Carthusian monk and ascetic

Dominic of Prussia (Dominik von Preußen; Dominicus Prutenus; 1382–1461) was a Carthusian monk and ascetical writer. He is credited with a popular early form of the Rosary which focused on meditation.

==Life==
Born in Danzig (contemporarily Gdańsk), Prussia. According to the account he wrote of himself, his first teacher was the parish priest, a pious Dominican; later he was a student at the University of Krakow where he was noted for his intelligence. Falling into bad habits he led a vagabond life until twenty-five years of age, when he reformed through the influence of Adolf of Essen, prior of the Carthusian monastery of St. Alban, near Trier.
Dominic became a Carthusian, entering the order in 1409. His monastic life was one of severe penance and religious fervour and many visions are ascribed to him. Among the positions he filled were those of master of novices at Mainz and vicar of the monastery of St. Alban, where he died. As an author, Dominic composed seventeen treatises, which have been preserved.

==Carthusian Rosary==
To Dominic is attributed the practice of meditation during the recitation of the Hail Marys, which he called the "Life of Jesus Rosary". As in his time the Ave Maria terminated with the words; "Fructus ventris tui, Jesus", he added to each a sentence to recall to mind the mystery. It included such themes as the Adoration of the Magi and the Flight into Egypt. Dominic's psalter was made up of fifty "Aves", plus the Pater Noster and the Gloria Patri, making it Trinitarian in nature. "The number of Hail Marys are not important. What counts is the quality of one’s meditation, of authentic contemplative prayer."

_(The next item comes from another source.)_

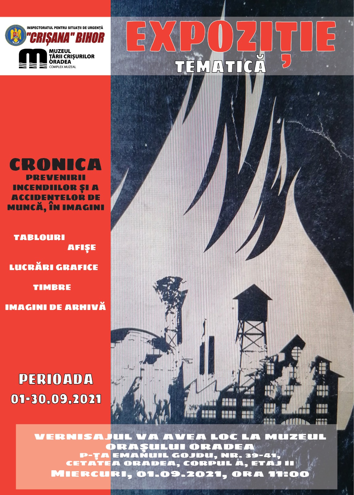 Evenimentele vor avea loc miercuri, 1 septembrie. Vernisajul expoziției foto, intitulată „CRONICA prevenirii incendiilor și a accidentelor de muncă, în imagini”, va avea loc de la ora 11:00, la secția Muzeul Orașului Oradea, din cadrul Muzeului Țării Crișurilor, în incinta Cetății Oradea, corpul A, etaj II, strada Piața Emanuil Gojdu nr. 39-41.

Both Dominic and his friend Adolf of Essen sought to spread the use of this form of prayer in the Carthusian Order and among the laity. They were very successful and psalters of this type multiplied in the 15th century. For these reasons it is called the "Carthusian Rosary". Some authors believe that the "Psalter" of Dominic was the form, or one of the original forms, from which the present Rosary developed.

He died in 1461 at St. Alban's Charterhouse near Trier.